The story is told in an easy to read, informal style, and I made quick work of it over the course of just a few days. I really enjoyed it on numerous levels:

  1. I recognised every single character in the book as somebody I have worked with (or indeed currently work with!). I guarantee you will feel the same!
  2. The book was pretty well written, and the story arc itself was compelling. I was really rooting for Bill to succeed in his endeavours! (But did he? You will have to read the book to find out!)
  3. The authors obviously have a great sense of humour! Quotes such as “Show me a dev who isn’t crashing production systems, and I’ll show you one who can’t fog a mirror. Or more likely, is on vacation.” had me laughing out loud on the train in front of other passengers!
  4. The book is approachable and not elitist. You could pick it up as a cable monkey or an IT director (or maybe even a Sales person!!!), and relate to the concepts and methods described.
  5. I learned a huge amount about different methods for handling and improving processes around WIP (Work in Progress), such as the Theory of Constraints or the use of Kanban boards (I am currently testing this with my pre-sales customer workloads using Trello, but I’m told Kanbanize is also very good).

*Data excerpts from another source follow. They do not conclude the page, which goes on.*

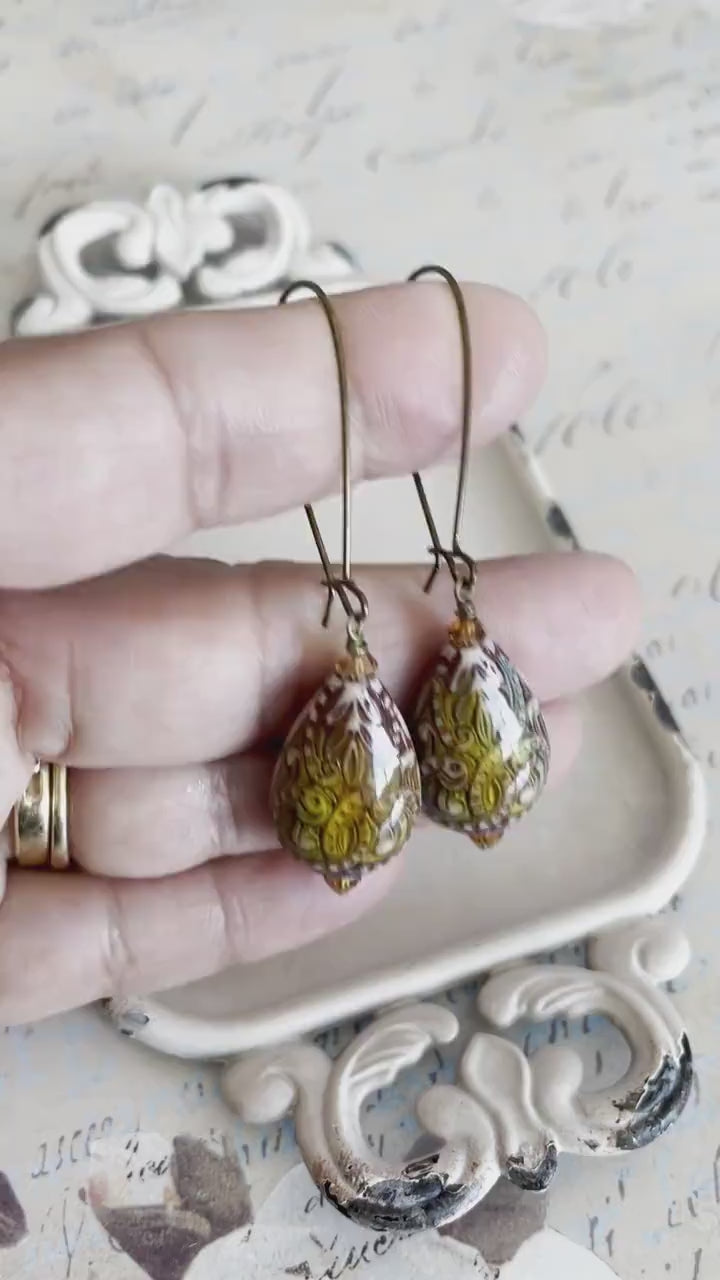 These earrings are absolutely stunning. The combination of the purple paisley-designed beads, antique brass ear wires, and Swarovski crystal copper bicones creates a unique and elegant design. The use of thermo-sensitive liquid crystal in the beads adds an intriguing element, as the colors change with the temperature of your skin.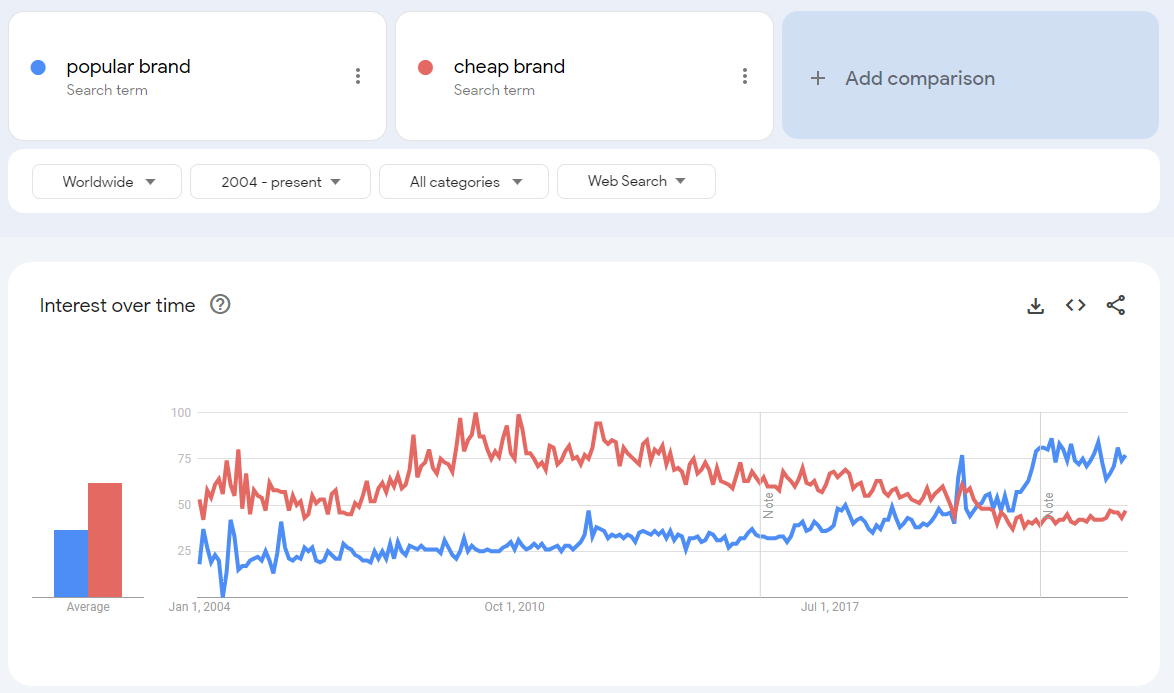 The searches of “popular brand” have recently overtaken the ones of “cheap brand”. Interesting to see 2008-2012 hump of “cheap brand” during the global crisis and its later steady decline.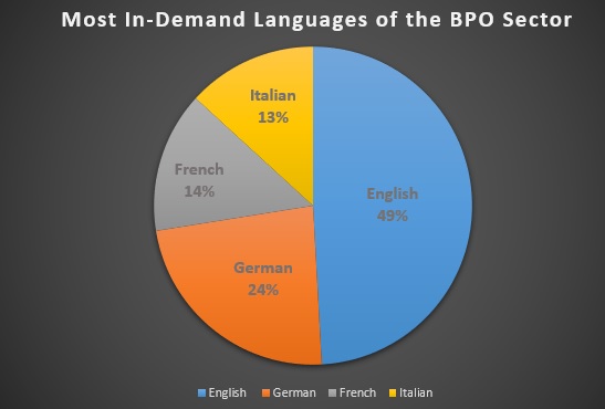 ومن ناحية أخرى، كشف تحليل البيانات الخاصة بالوظائف المطلوبة في مجال خدمات التعهيد عن أن اللغة الإنجليزية كانت الأكثر طلبًا في مراكز الاتصال وخدمات الأعمال الدولية، حيث تخطت نسبة الوظائف التي تتطلب إتقان اللغة الإنجليزية حاجز 49%، تلتها الوظائف باللغة الألمانية بـنسبة 23%، ثم اللغة الفرنسية بـنسبة 14%، وأخيرًا اللغة الإيطالية بـنسبة 13% من إجمالي الوظائف المطلوبة.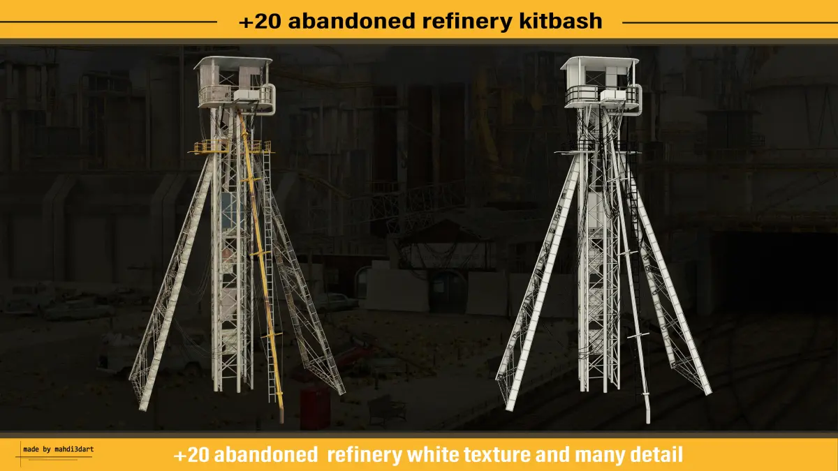 abandoned refinery kitbash +20 abandoned refinery kitbash a great pack for creating abandoned refinery environments Made in Blender 3.5 and unwrapped (without packaging) All files are in a zip file

Resilience Engineering (think Netflix Simian Army) and numerous other techniques are also covered, along with the overarching “Three Ways” (very Zen!).
  6. I actually picked up a few key tips which could be applied directly to my pre-sales design and requirements gathering workshops with my customer stakeholders.
  7. Finally, it didn’t feel “preachy”, which is always a risk when trying to sell an idea / concept as your main theme and I was initially concerned that the book would be ramming DevOps culture down my neck throughout. This could not be farther from the truth, and the full DevOps concepts do not come into play until the story is almost complete. There are many lessons to be learned throughout the story, which could be applied to any organisation!

The Phoenix Project Cover

Here are another few choice quotes from The Phoenix Project, both humorous and insightful:

“The only thing more dangerous than a developer is a developer conspiring with Security. The two working together gives us means, motive, and opportunity.”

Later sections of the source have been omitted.